Preconceived Notions

Several years ago, I had a friendly but intense conversation with a gentleman about the nature of God. He didn’t believe in the concept of the Trinity, that the Father, Son, and Holy Spirit are all God. We spent some time discussing the most common scripture references that seem to have something to say on the subject. After our discussion had moved quickly through several of these scriptures, and the weight of the conversation was on him to explain his position, he made a comment that I have not forgotten, though most of the rest of the discussion has slipped from my mind. He said something like this, “You know, the idea that God is three persons always bothered me even before I became convinced of my view.”

More recently, I had another conversation with a young man who says he doesn’t believe that Christians should meet every Sunday as we do today. He indicated that the Christians in the Bible did not gather in church buildings or participate in many of the activities churches are involved in today. So, he concluded that Christians are not expected to “go to church.” We didn’t have much opportunity to discuss the issue, but I briefly told him that I both agreed and disagreed with what he was saying, that the early church did not have church buildings, but that they did meet everyday for fellowship and encouragement. A little later in the conversation he said something like this, “I’m not very good with people, so I am uncomfortable when I go to church.”

Both of these men have something in common: their convictions seem to be largely the product of preconceived notions. The first gentleman indicated that he already held his view before he came to the Bible to study it. The second gave a very similar statement, one that would indicate that his views of meeting with the church are more influenced by his personality and social inclinations than by unbiased Bible study.

These men seem to have another thing in common: they don’t realize or want to admit how strongly their preconceived notions influence their views.

Which makes me wonder…

What about my views?
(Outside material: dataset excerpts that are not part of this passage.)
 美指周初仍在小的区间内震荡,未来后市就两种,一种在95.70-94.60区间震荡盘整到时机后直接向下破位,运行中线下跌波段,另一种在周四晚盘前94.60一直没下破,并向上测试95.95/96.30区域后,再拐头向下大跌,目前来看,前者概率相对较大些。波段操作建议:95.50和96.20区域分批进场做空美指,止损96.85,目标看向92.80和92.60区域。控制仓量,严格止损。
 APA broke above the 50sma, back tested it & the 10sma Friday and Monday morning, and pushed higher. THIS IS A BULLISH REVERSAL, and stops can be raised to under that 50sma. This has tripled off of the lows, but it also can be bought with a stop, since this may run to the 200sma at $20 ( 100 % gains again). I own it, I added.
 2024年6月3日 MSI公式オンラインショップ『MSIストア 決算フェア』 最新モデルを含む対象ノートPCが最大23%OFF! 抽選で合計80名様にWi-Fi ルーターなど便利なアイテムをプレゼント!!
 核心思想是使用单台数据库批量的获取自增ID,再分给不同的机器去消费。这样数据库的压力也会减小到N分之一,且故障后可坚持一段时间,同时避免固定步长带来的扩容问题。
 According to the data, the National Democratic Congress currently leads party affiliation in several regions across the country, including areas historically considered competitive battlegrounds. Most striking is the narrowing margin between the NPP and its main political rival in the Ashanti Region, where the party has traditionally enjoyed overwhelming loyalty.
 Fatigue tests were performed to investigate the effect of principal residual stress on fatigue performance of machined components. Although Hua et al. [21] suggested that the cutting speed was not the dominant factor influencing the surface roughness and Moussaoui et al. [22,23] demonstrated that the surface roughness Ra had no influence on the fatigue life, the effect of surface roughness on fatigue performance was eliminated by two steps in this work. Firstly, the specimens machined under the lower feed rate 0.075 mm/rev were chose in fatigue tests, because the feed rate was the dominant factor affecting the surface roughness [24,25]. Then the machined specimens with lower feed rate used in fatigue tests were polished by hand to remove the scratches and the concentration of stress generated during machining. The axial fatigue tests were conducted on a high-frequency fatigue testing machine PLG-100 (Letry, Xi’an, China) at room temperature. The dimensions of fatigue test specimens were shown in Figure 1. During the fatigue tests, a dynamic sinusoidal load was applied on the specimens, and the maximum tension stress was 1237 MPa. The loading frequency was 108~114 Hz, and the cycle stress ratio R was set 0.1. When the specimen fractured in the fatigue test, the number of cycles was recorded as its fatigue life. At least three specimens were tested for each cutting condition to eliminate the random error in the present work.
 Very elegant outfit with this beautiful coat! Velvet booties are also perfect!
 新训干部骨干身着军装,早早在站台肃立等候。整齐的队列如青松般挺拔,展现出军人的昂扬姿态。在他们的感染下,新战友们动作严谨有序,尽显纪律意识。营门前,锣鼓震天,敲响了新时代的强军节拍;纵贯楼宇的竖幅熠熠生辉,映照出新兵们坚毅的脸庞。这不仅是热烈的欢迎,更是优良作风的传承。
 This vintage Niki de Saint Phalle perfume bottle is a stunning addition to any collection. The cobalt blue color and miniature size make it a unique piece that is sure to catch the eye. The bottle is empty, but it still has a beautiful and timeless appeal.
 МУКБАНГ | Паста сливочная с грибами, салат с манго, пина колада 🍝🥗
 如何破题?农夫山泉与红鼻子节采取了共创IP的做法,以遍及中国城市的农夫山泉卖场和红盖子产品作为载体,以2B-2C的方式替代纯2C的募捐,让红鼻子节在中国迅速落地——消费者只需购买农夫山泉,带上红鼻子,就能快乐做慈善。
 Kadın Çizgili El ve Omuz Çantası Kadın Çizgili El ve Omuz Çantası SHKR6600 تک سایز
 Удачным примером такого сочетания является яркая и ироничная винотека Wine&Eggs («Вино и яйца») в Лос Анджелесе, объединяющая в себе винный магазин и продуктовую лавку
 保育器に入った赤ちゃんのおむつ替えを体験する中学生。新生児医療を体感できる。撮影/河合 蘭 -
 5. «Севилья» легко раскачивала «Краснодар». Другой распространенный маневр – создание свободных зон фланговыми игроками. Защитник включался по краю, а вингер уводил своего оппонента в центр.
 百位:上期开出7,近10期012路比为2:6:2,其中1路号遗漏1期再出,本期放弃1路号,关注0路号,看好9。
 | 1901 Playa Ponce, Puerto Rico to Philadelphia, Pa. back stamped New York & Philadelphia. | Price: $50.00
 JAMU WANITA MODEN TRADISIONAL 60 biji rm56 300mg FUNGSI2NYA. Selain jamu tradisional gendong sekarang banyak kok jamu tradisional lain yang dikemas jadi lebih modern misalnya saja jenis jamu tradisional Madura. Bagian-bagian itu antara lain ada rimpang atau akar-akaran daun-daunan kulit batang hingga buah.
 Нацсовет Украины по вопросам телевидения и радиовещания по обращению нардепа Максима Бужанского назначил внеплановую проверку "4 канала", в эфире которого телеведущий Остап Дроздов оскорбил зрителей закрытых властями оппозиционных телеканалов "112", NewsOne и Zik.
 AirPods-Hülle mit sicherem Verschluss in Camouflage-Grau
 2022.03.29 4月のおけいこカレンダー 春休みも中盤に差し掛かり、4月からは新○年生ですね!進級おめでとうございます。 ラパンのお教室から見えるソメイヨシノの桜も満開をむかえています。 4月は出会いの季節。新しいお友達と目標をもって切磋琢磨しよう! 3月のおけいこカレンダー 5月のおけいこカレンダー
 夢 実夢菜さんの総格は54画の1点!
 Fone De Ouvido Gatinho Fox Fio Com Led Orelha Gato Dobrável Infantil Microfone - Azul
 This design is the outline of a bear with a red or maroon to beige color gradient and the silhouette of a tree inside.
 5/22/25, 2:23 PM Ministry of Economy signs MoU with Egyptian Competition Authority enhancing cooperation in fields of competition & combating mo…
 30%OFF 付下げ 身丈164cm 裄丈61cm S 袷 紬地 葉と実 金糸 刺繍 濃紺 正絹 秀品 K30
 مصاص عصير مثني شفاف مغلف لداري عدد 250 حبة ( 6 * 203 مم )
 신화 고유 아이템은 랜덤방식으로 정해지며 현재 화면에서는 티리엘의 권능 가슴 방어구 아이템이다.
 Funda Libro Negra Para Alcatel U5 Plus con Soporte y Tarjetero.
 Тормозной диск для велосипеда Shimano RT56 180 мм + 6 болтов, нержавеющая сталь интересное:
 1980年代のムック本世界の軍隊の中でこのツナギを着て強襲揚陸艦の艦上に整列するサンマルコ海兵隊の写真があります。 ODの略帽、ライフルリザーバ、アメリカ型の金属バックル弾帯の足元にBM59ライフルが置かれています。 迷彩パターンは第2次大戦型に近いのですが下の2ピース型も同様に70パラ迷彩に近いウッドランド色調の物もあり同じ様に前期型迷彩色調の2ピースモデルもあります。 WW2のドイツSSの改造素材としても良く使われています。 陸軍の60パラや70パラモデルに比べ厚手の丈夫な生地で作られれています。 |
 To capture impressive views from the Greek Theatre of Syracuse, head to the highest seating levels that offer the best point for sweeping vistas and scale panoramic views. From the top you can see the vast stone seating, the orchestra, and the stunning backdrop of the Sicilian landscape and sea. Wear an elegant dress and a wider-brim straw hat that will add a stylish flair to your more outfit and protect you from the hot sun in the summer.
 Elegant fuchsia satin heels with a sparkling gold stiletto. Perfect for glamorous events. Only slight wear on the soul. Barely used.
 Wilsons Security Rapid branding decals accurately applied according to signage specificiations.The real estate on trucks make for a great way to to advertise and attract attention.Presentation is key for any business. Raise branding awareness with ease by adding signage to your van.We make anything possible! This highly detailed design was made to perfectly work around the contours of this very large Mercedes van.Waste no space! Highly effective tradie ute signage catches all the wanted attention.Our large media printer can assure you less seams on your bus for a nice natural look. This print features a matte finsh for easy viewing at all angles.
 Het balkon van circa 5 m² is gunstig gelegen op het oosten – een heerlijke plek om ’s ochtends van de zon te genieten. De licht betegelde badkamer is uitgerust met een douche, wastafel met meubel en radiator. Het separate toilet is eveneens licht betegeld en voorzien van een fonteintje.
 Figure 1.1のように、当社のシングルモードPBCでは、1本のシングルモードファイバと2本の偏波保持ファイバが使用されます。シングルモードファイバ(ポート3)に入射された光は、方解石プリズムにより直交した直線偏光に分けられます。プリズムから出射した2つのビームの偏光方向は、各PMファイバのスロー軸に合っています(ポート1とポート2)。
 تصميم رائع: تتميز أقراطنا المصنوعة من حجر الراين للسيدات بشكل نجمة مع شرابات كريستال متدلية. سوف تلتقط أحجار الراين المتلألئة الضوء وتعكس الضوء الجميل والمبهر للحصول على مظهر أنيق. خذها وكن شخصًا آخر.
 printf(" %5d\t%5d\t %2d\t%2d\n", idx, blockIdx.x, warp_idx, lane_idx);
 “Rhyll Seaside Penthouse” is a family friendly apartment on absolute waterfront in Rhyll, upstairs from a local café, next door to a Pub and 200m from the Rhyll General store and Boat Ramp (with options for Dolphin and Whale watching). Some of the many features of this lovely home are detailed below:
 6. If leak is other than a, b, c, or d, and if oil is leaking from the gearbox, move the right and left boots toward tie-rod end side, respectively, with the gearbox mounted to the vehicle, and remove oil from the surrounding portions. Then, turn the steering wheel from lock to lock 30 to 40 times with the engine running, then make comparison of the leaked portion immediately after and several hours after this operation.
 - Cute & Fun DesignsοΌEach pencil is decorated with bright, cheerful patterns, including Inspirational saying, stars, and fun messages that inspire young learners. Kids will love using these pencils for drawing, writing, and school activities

What about the convictions I hold so strongly? Are they a product of honest inquiry, or did I reach my conclusions before I ever started to explore them?

I am sure I have lots of assumptions and I don’t even realize what they are.


2 thoughts on “Preconceived Notions

  1. Thanks Clint. Good article.

    We all bring biases to the text or to any situation. At this point, I don’t think its possible, or even desirable to remove those. They make up who we are. I think the best thing is to be aware as much as possible of our biases and loop that awareness back into our thinking.